= What the task asks =
Word for word, repeat the data; no picture should appear in the result.

= Material for this exercise =
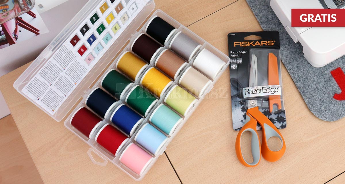 Teraz kupując maszynę do szycia Janome Skyline S7 otrzymasz duży zestaw nici - Madeira 8063 (18 szpulek) i niezwykle wygodne nożyczki krawieckie Fiskars RazorEdge (21 cm).
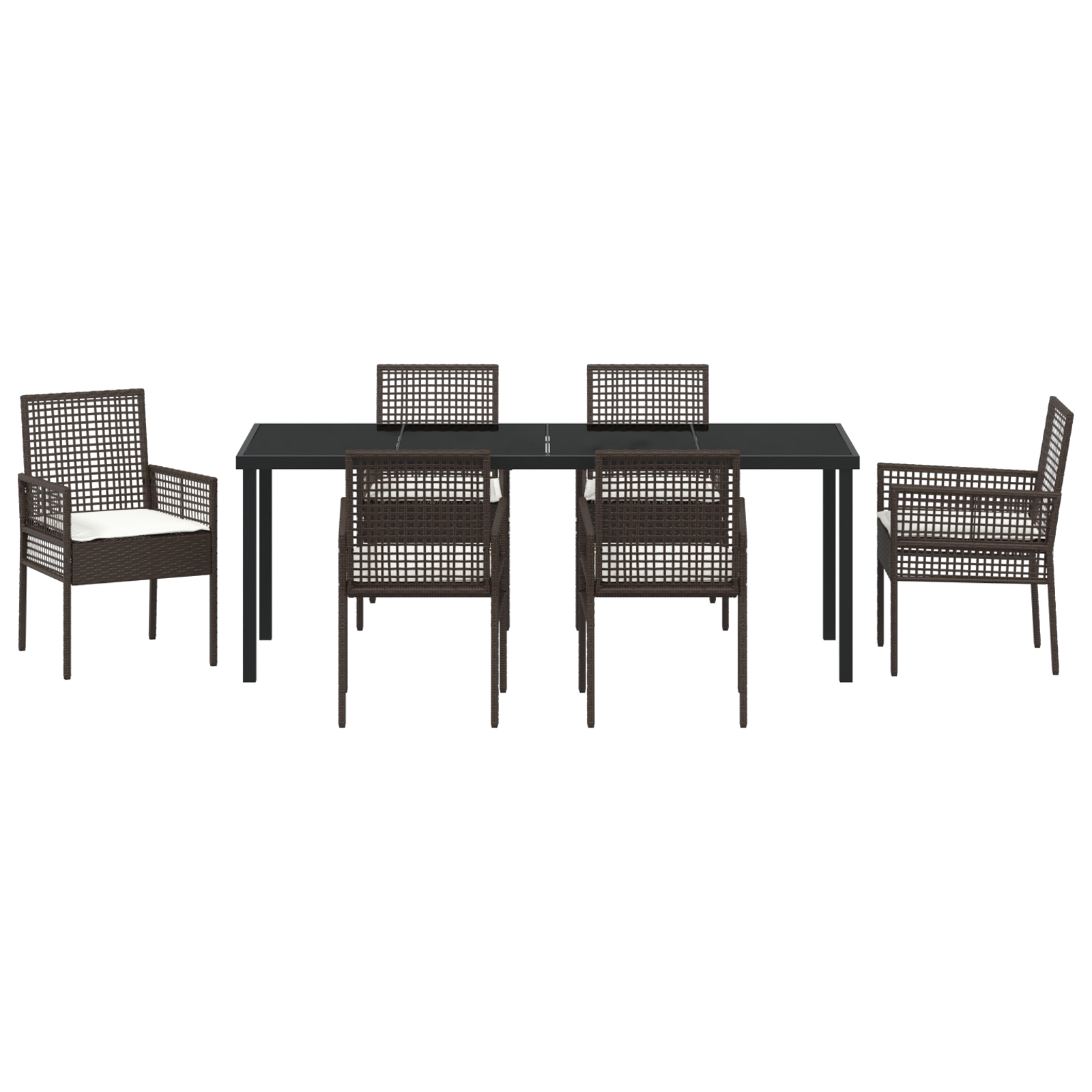 Setul ăsta de mese pentru grădină se distinge prin designul modern, creat pentru confort și stil, fiind o alegere splendidă pentru dining în aer liber. Vine cu șase scaune elegante și o masă rectangulară încăpătoare, îmbinând maronul cu crem alb, dând viață oricărui patio sau grădină.
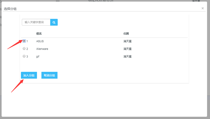 素材管理页面,点击“素材”,勾选要修改或要取消分组的素材,点击“加入分组”
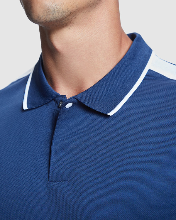 Polo tecnica da uomo a maniche corte in poliestere riciclato antibatterico. Colletto e maniche in costina 1x1. Copri cuciture rinforzate sul colletto. Abbottonatura con due bottoni a pressione. Spalle e dettagli a contrasto. Spacchi laterali sull'orlo.
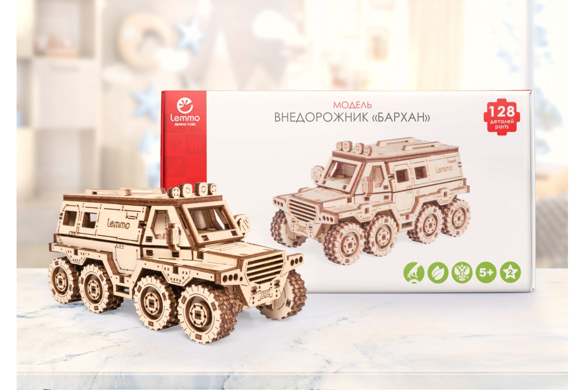Деревянный конструктор Lemmo Внедорожник Бархан - это сборная модель, которая станет отличным подарком для детей и взрослых.
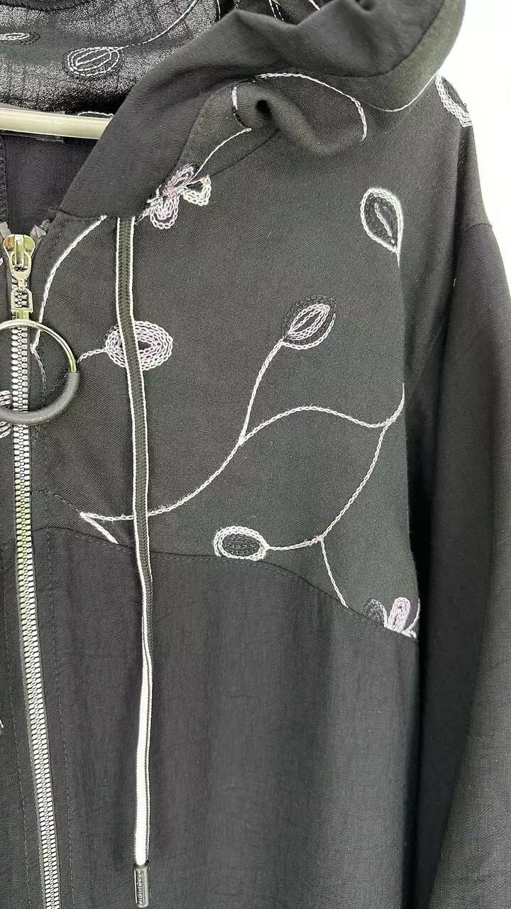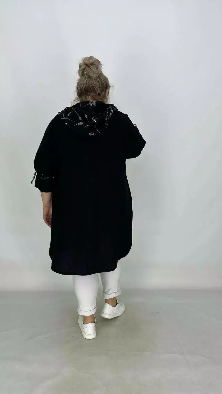 Легкий кардиган чорний жатий льон "Загадка" з вишивкою 62-64 66-68
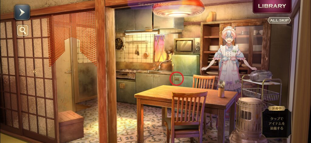 タイルが4枚集まったら、右マップのガスコンロ下の棚を調べます。
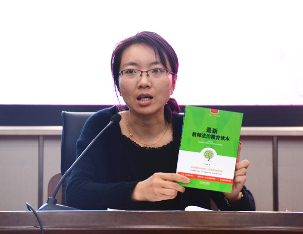 吴樱樱主任对教学安全、实训安全、宿舍安全等提出了具体要求。吴主任强调,严守规矩方能确保安全,全体教师要进一步加强责任意识,学法、懂法、守法,用法律和制度捍卫安全。随后,吴樱樱主任组织教师学习了《最新教师法治教育读本》。吴主任依据职业教育特点,结合典型案例,围绕依法治校的内涵和外延、学生伤害事故预防与处理、教育法律救济、教师必备法律常识等重要内容展开阐述。教师要把依法从教作为自身建设和发展的基本理念,创造契合法治原则和法治精神的育人环境,促进学生的全面发展。
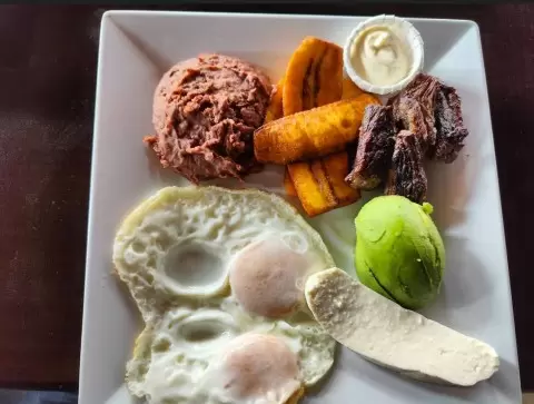 Местные жители с гордостью представляют свое изобилие под названием "desayuno t?pico" — это не просто еда, а настоящая кулинарная симфония, состоящая из:
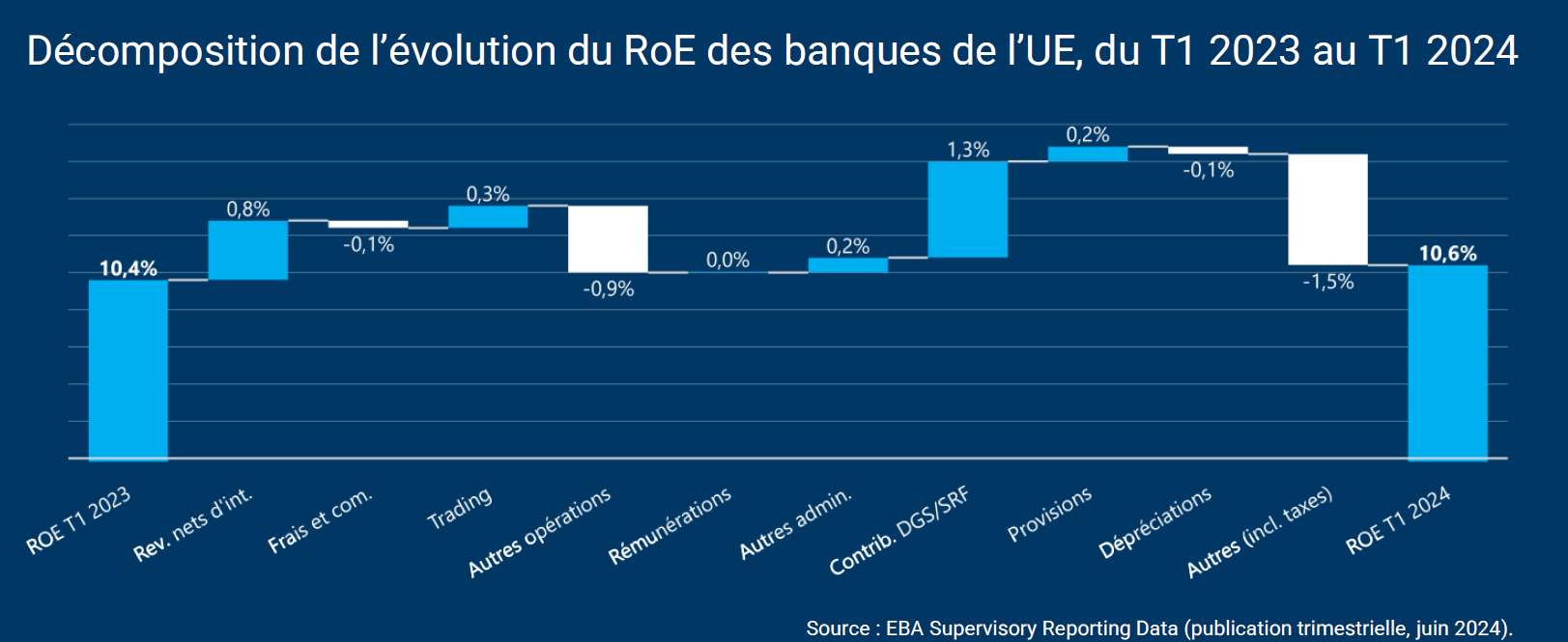 Pour bien identifier les différents contributeurs associés à cette croissance des résultats, l’autorité bancaire européenne (EBA) a mis en avant dans son dernier « tableau de bord des risques » la décomposition de l’évolution du rendements des fonds propres (RoE) des banques entre le T1 2023 (10,4%) et le T1 2024 (10,6%).
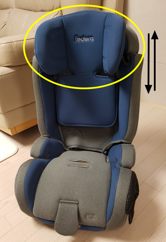 위 카시트는 사진에서 보이는것과 같이 머리부분을 잡아주는 저 부분이 아래위로 조절할수 있게 되어 있어 아이의 성장에 따라 위아래 또는 아이가 편하게 앉을수 있는 모습에 따라 어느정도 조절이 가능한 부분입니다.

= Answer section =
 Teraz kupując maszynę do szycia Janome Skyline S7 otrzymasz duży zestaw nici - Madeira 8063 (18 szpulek) i niezwykle wygodne nożyczki krawieckie Fiskars RazorEdge (21 cm).
 Setul ăsta de mese pentru grădină se distinge prin designul modern, creat pentru confort și stil, fiind o alegere splendidă pentru dining în aer liber. Vine cu șase scaune elegante și o masă rectangulară încăpătoare, îmbinând maronul cu crem alb, dând viață oricărui patio sau grădină.
 素材管理页面,点击“素材”,勾选要修改或要取消分组的素材,点击“加入分组”
 Polo tecnica da uomo a maniche corte in poliestere riciclato antibatterico. Colletto e maniche in costina 1x1. Copri cuciture rinforzate sul colletto. Abbottonatura con due bottoni a pressione. Spalle e dettagli a contrasto. Spacchi laterali sull'orlo.
Деревянный конструктор Lemmo Внедорожник Бархан - это сборная модель, которая станет отличным подарком для детей и взрослых.
 Легкий кардиган чорний жатий льон "Загадка" з вишивкою 62-64 66-68
 タイルが4枚集まったら、右マップのガスコンロ下の棚を調べます。
 吴樱樱主任对教学安全、实训安全、宿舍安全等提出了具体要求。吴主任强调,严守规矩方能确保安全,全体教师要进一步加强责任意识,学法、懂法、守法,用法律和制度捍卫安全。随后,吴樱樱主任组织教师学习了《最新教师法治教育读本》。吴主任依据职业教育特点,结合典型案例,围绕依法治校的内涵和外延、学生伤害事故预防与处理、教育法律救济、教师必备法律常识等重要内容展开阐述。教师要把依法从教作为自身建设和发展的基本理念,创造契合法治原则和法治精神的育人环境,促进学生的全面发展。
 Местные жители с гордостью представляют свое изобилие под названием "desayuno t?pico" — это не просто еда, а настоящая кулинарная симфония, состоящая из:
 Pour bien identifier les différents contributeurs associés à cette croissance des résultats, l’autorité bancaire européenne (EBA) a mis en avant dans son dernier « tableau de bord des risques » la décomposition de l’évolution du rendements des fonds propres (RoE) des banques entre le T1 2023 (10,4%) et le T1 2024 (10,6%).
 위 카시트는 사진에서 보이는것과 같이 머리부분을 잡아주는 저 부분이 아래위로 조절할수 있게 되어 있어 아이의 성장에 따라 위아래 또는 아이가 편하게 앉을수 있는 모습에 따라 어느정도 조절이 가능한 부분입니다.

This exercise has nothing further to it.